**Exercise brief**
An exact copy is required of every line from the one with "ららぽーと立川立飛店、13時20分現在PS 5完売表示でした。" through the end of the data below, and the pictures must stay out of it.

**Dataset records**
════

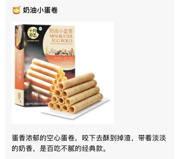 🎉倉庫現貨,歡迎訂購‼ 🍪十月初五澳門手信零食系列 這組來自澳門知名手信品牌「十月初五」的點心,每一款都是獨立小包裝藏著地道的葡式風味與中式匠心,不管是辦公室下午茶、追劇解饞還是伴手禮禮送給親友都超合適! ⏳日期到2026年6月
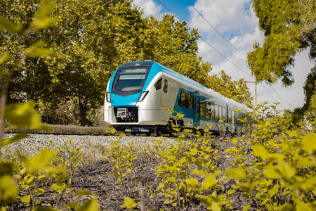 Modern and new passenger commuter Train in white and blue color is traveling on a single track railway line between the green leaves on an autumn day.
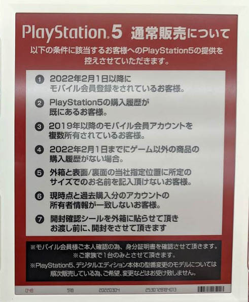 ららぽーと立川立飛店、13時20分現在PS 5完売表示でした。
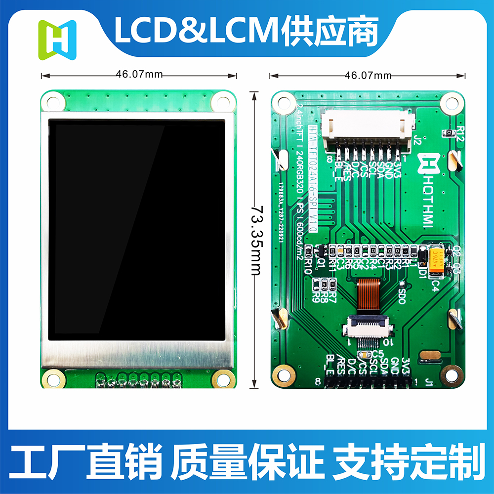 HTM-TFT024A16-SPI is a 2.4-inch TFT color LCD panel display screen carefully designed by HOTLCD R&D team, 240*320 resolution, high image quality, wide viewing angle, 65K/262K true color, built-in ST7789V controller, support MCU SPI-4L interface , 8PIN plug-in FPC can be connected to the motherboard (optional connector), single power supply DC 3.3V power supply. The TFT module can be equipped with a touch screen and all materials are RoHS compliant. Widely used in various instruments, smart devices, analytical instruments, handheld instruments, driving recorders, etc.: 8051, PIC, AVR, ARDUINO, ARM, Raspberry Pi, etc.
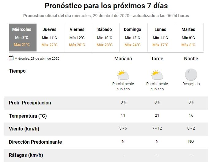 El pronóstico extendido de la Dirección de Agricultura y Contingencias Climáticas indica que el buen tiempo se mantendrá durante el resto de la semana, con pocas variaciones en las temperaturas máximas (entre 22 y 24°C) y mínimas (entre 10 y 11°C).
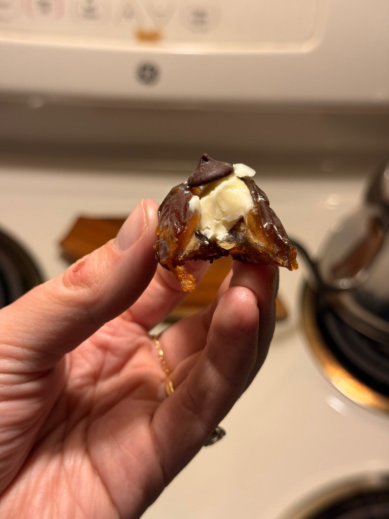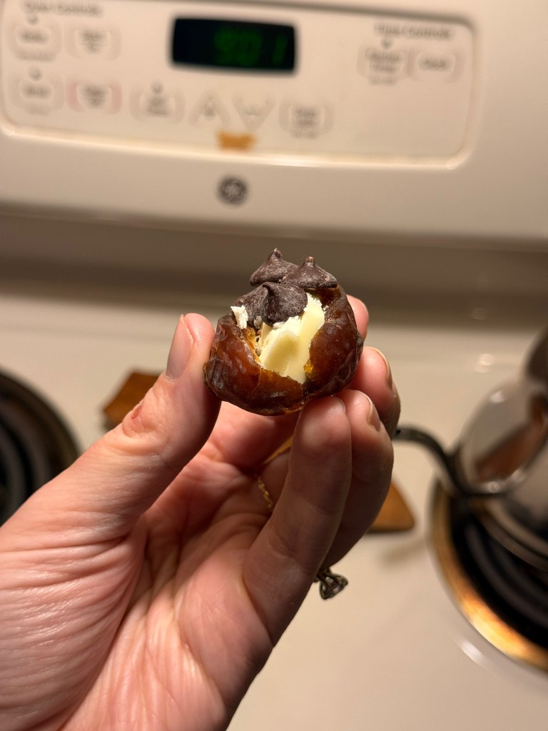 Cut the dates open (for this recipe, I only do 2 of these because they’re so filling for some reason!). Now is when you will remove the pit, if you bought whole dates. You won’t be flattening these dates, like we did in the prior recipe. Now, cut a small sliver of butter and place it inside the date. Press a couple chocolate chips into the butter and enjoy! These are so easy to make and so insanely delicious. I was weirded out when I first saw someone mention the recipe, but then I tried it and I can’t get enough.
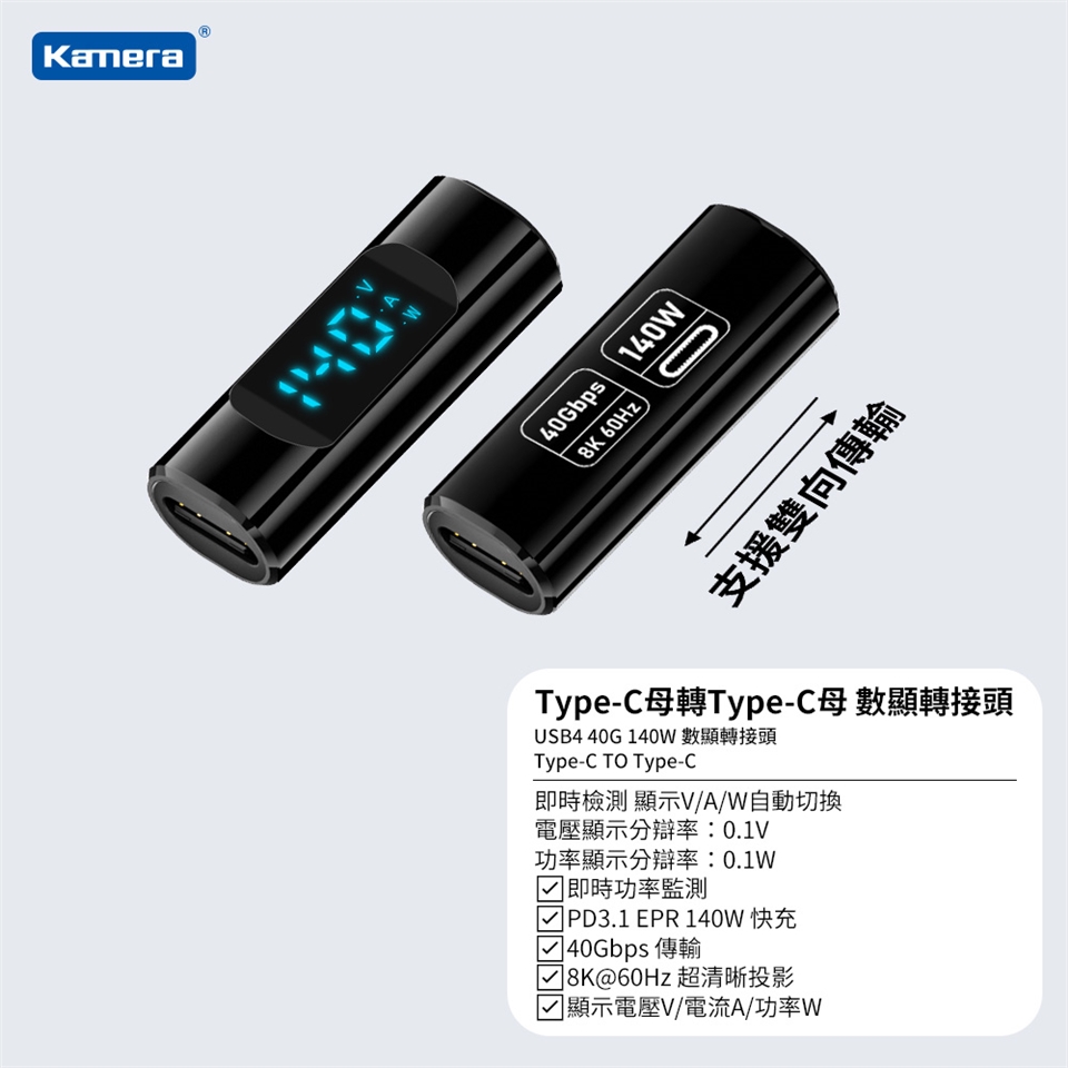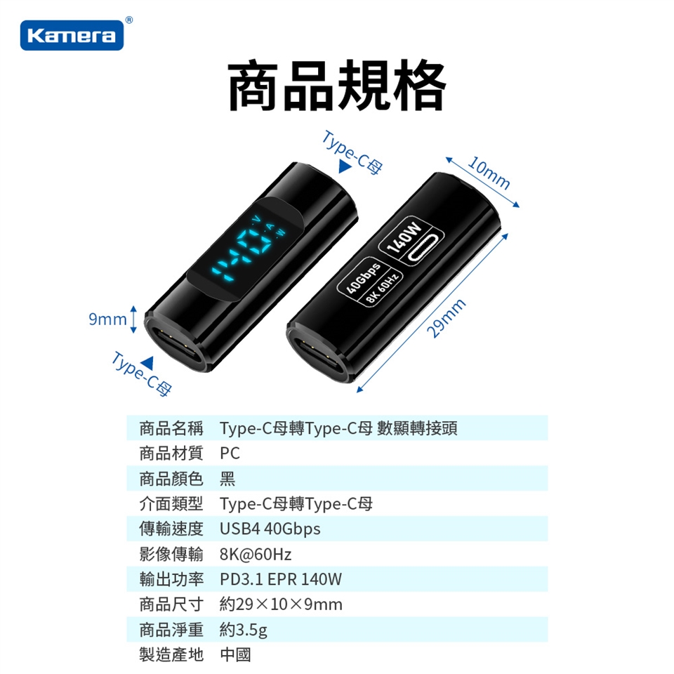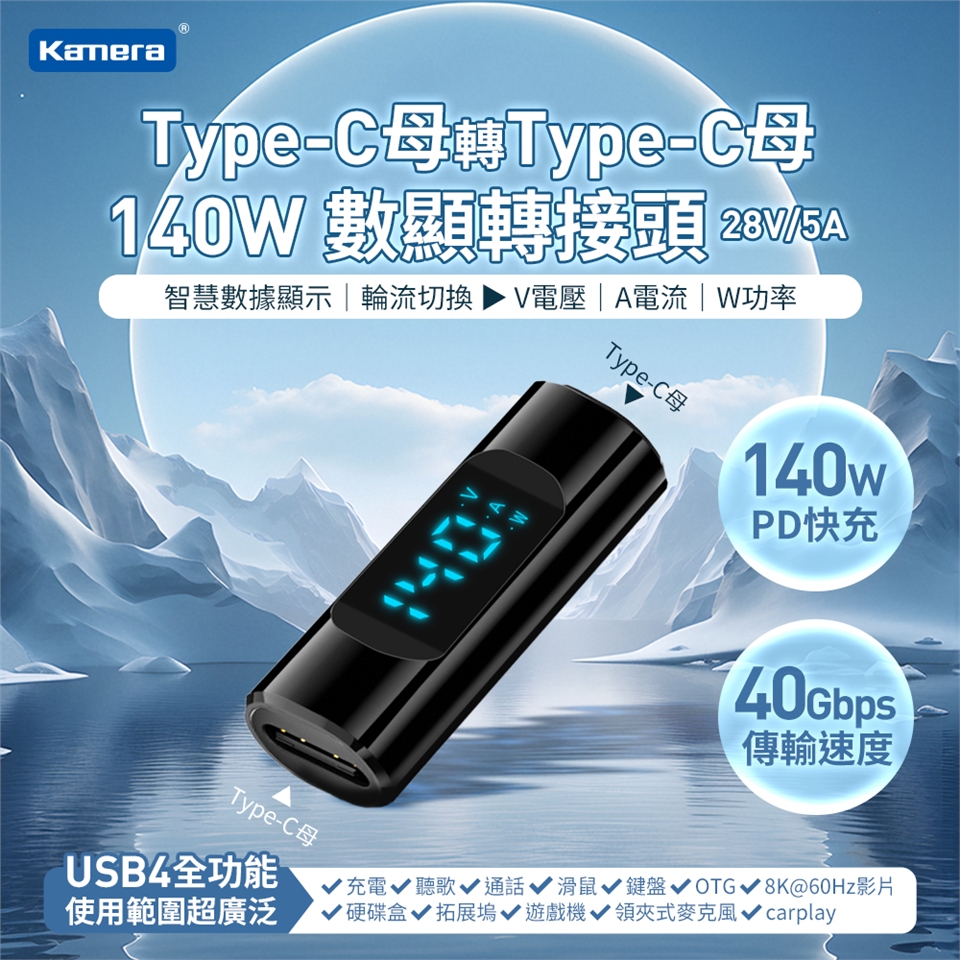 品名:Type-C母轉Type-C母 數顯轉接頭-140W/28V/5A

════

**Output for this exercise**
 ららぽーと立川立飛店、13時20分現在PS 5完売表示でした。
 HTM-TFT024A16-SPI is a 2.4-inch TFT color LCD panel display screen carefully designed by HOTLCD R&D team, 240*320 resolution, high image quality, wide viewing angle, 65K/262K true color, built-in ST7789V controller, support MCU SPI-4L interface , 8PIN plug-in FPC can be connected to the motherboard (optional connector), single power supply DC 3.3V power supply. The TFT module can be equipped with a touch screen and all materials are RoHS compliant. Widely used in various instruments, smart devices, analytical instruments, handheld instruments, driving recorders, etc.: 8051, PIC, AVR, ARDUINO, ARM, Raspberry Pi, etc.
 El pronóstico extendido de la Dirección de Agricultura y Contingencias Climáticas indica que el buen tiempo se mantendrá durante el resto de la semana, con pocas variaciones en las temperaturas máximas (entre 22 y 24°C) y mínimas (entre 10 y 11°C).
 Cut the dates open (for this recipe, I only do 2 of these because they’re so filling for some reason!). Now is when you will remove the pit, if you bought whole dates. You won’t be flattening these dates, like we did in the prior recipe. Now, cut a small sliver of butter and place it inside the date. Press a couple chocolate chips into the butter and enjoy! These are so easy to make and so insanely delicious. I was weirded out when I first saw someone mention the recipe, but then I tried it and I can’t get enough.
 品名:Type-C母轉Type-C母 數顯轉接頭-140W/28V/5A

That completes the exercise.